- Conference: Ivy League
- Record: 2–7 (2–5 Ivy)
- Head coach: Bill Campbell (2nd season);
- Captains: Mike Delaney; Mike Yeager;
- Home stadium: Baker Field

= 1975 Columbia Lions football team =

American college football season

The 1975 Columbia Lions football team was an American football team that represented Columbia University during the 1975 NCAA Division I football season. Columbia tied for second-to-last in the Ivy League.

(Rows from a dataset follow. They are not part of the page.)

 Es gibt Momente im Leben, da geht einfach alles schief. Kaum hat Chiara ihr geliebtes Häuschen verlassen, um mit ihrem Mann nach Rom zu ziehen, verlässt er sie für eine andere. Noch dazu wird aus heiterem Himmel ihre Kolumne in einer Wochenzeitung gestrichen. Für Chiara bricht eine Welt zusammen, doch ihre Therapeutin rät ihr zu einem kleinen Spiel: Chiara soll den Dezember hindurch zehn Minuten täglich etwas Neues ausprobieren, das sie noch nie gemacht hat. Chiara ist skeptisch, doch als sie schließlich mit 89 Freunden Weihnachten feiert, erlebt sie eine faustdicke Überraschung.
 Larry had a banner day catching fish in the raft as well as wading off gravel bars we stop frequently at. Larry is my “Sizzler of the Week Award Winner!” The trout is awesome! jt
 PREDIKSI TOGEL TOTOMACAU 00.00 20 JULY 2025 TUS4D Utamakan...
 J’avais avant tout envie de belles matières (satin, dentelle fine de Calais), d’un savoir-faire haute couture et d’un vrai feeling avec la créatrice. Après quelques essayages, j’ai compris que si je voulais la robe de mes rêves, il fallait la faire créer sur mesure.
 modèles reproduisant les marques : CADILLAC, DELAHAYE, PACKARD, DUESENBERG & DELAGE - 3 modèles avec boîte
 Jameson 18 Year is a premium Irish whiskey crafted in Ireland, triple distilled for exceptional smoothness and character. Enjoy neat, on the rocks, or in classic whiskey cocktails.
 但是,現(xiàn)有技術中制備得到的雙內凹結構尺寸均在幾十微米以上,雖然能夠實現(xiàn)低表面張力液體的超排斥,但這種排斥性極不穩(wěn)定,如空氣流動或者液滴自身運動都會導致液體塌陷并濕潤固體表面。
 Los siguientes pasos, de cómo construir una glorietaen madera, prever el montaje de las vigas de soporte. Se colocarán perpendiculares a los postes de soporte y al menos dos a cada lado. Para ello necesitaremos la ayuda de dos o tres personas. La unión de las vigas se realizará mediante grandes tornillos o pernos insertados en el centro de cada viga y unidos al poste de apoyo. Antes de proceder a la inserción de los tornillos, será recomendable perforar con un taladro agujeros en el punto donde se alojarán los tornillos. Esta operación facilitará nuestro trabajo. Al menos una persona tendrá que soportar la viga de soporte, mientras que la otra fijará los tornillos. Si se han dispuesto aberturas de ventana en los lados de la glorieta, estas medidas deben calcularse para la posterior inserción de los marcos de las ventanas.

In their second season under head coach Bill Campbell, the Lions compiled a 2–7 record and were outscored 261 to 151. Mike Delaney and Mike Yeager were the team captains.

The Lions' 2–5 conference record tied for sixth in the Ivy League standings. Columbia was outscored 210 to 144 by Ivy opponents.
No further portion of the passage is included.